Healthy Food City Symposium

Co-creating urban food solutions for future residents


The progress in agricultural technology and the evolution of the food industry have led to increased abundance and accessibility of food. Nevertheless, they have also introduced fresh challenges, as children in urban settings confront a food crisis marked by the widespread availability, accessibility, and heavy promotion of unhealthy options. This alarming situation is contributing directly to the growing challenge of obesity among children. To address this critical concern and uphold children's right to nutrition, cities are being called upon to take decisive action.
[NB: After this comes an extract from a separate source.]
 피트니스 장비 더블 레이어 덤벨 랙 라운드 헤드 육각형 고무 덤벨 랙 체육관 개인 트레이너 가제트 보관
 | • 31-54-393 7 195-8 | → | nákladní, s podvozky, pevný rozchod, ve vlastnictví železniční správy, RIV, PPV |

City mayors from across the world are getting together through entities such as the Milan Urban Food Policy Pact1 and C40 Cities to unite in actions for better food systems and to combat climate change.
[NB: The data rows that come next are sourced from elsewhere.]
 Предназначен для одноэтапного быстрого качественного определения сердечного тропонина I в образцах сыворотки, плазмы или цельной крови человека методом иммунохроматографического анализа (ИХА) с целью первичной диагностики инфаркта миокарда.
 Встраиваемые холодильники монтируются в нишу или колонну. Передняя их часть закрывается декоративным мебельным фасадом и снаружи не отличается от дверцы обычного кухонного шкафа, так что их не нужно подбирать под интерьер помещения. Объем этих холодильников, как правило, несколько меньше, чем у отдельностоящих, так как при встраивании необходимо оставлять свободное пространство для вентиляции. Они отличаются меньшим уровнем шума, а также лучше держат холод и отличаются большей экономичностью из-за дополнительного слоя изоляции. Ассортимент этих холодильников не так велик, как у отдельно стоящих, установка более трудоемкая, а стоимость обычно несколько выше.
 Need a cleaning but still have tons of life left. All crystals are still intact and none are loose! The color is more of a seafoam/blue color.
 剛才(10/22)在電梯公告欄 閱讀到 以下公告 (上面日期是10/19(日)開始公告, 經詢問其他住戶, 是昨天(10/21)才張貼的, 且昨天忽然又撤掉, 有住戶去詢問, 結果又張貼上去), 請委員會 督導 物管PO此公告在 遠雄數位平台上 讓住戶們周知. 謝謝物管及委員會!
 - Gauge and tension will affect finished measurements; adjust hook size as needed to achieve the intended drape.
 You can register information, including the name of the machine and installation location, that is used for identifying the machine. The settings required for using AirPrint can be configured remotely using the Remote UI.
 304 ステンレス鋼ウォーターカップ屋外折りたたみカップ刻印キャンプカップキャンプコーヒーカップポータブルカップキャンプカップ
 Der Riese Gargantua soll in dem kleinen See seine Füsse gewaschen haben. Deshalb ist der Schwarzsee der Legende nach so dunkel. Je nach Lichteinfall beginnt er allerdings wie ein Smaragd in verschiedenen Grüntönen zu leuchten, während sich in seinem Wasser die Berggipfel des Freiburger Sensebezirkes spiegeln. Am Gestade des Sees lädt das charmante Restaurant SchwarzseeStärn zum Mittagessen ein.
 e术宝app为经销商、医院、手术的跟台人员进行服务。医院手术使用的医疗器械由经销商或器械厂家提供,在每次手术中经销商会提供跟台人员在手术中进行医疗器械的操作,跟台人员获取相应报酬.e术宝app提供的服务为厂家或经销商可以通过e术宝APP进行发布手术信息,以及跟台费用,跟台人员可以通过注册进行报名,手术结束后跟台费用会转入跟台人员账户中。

Cities in China too are turning their attention to improving food environments for children in response to the increase in child obesity. Many of these children will go on to live with obesity in adulthood, facing stigma, depression, poor school attainment2, ill health and the prospect of earlier death. Health, social and economic systems are ill equipped to cope with the direct and indirect costs. The impact of overweight and obesity among children threatens the achievement of Sustainable Development Goals.
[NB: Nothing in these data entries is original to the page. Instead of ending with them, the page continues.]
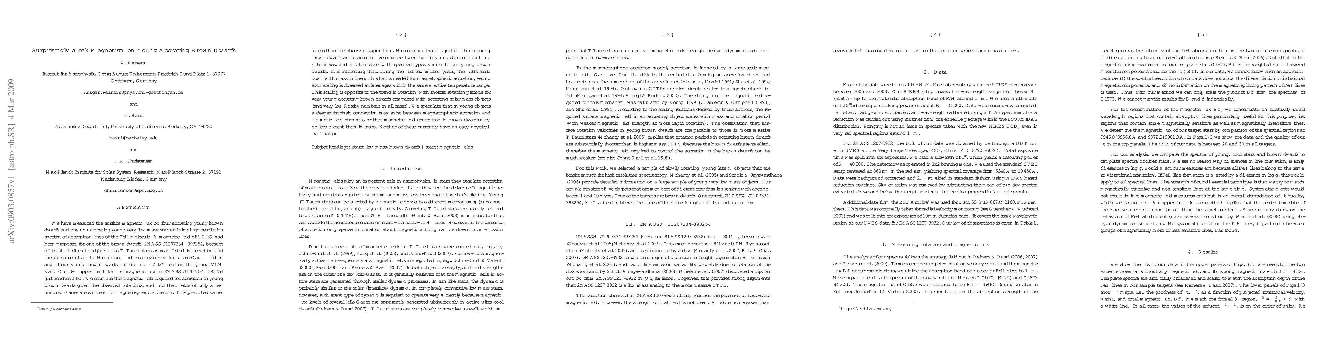 This study reveals surprisingly weak magnetic fields in young accreting brown dwarfs, with upper limits reaching only a few hundred Gauss, significantly lower than the kilo-Gauss fields expected and observed in young stars. The findings suggest a deeper connection between magnetospheric accretion and magnetic field strength in young objects, or less efficient magnetic field generation in brown dwarfs compared to stars.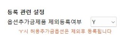 우선 저 오류의 뜻은 지옥션에서 정한 옵션 가격 범위가 있는데 그 범위를 벗어나면 오류가 발생합니다. 다만 이 오류가 안나오게 할려면 사진과 같이 유플랫 설정에서 Y로 해주시면 옵션 가격 범위를 벗어난 옵션을 제외하고 등록하게되어서 오류 없이 잘 등록하실 수 있으십니다. 저도 Y로 하고 등록하고 있습니다ㅎㅎ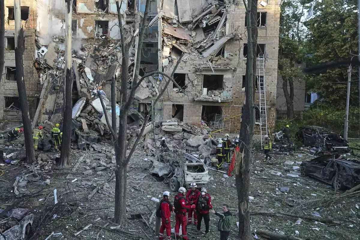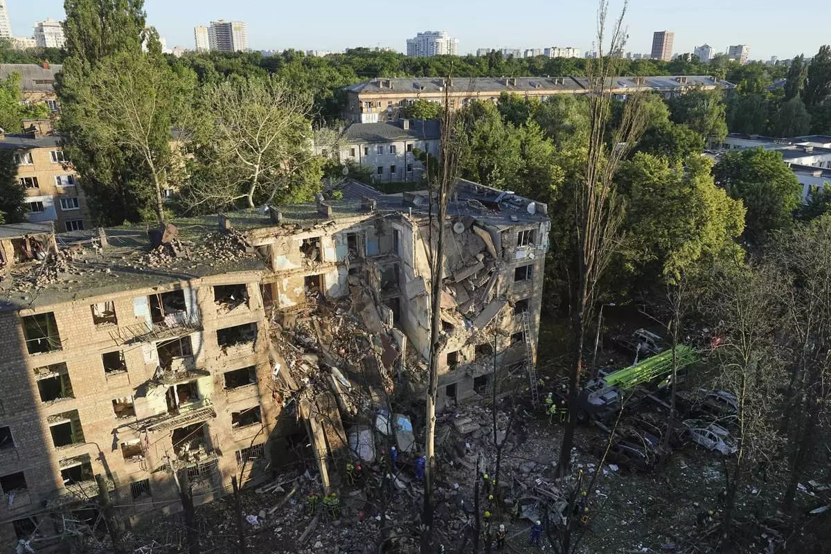 KYIV, Ukraine (AP) — Russian drones and missiles killed at least 14 civilians and injured several dozen others in Ukraine in overnight attacks, local officials said Monday, with nine deaths reported in the capital, Kyiv, where an apartment building partially collapsed.

The causes of the rapid rise in childhood obesity are complex, and the global consensus has shifted from an emphasis on individual level factors to an increasing recognition of the impact of
food environments. UNICEF’s State of the World’s Children Report 20193 highlights the challenges faced by children in urban settings, where the consumption of unhealthy, ultra-processed foods has become increasingly common and outdoor spaces to play are limited. The need to transform the food environment by bringing in robust policies nationwide and in cities is clear and urgent.

China has been extremely successful in reducing levels of child undernutrition (stunting and wasting) over the last 20 years. It is now demonstrating global leadership in addressing the challenge of child overweight and obesity. Cities, such as Chengdu and Shenzhen, are already taking action through urban planning and governance measures. They are generating and inspiring changes that will make healthy and sustainable eating a reality for all children. The Chengdu Healthy Food City Symposium builds on these foundations.

2 UNICEF (2020). Nutrition, for Every Child: UNICEF Nutrition Strategy 2020–2030. UNICEF. New York.
3 UNICEF (2019). The State of the World’s Children 2019. Children, Food and Nutrition: Growing well in a changing world. UNICEF. New York.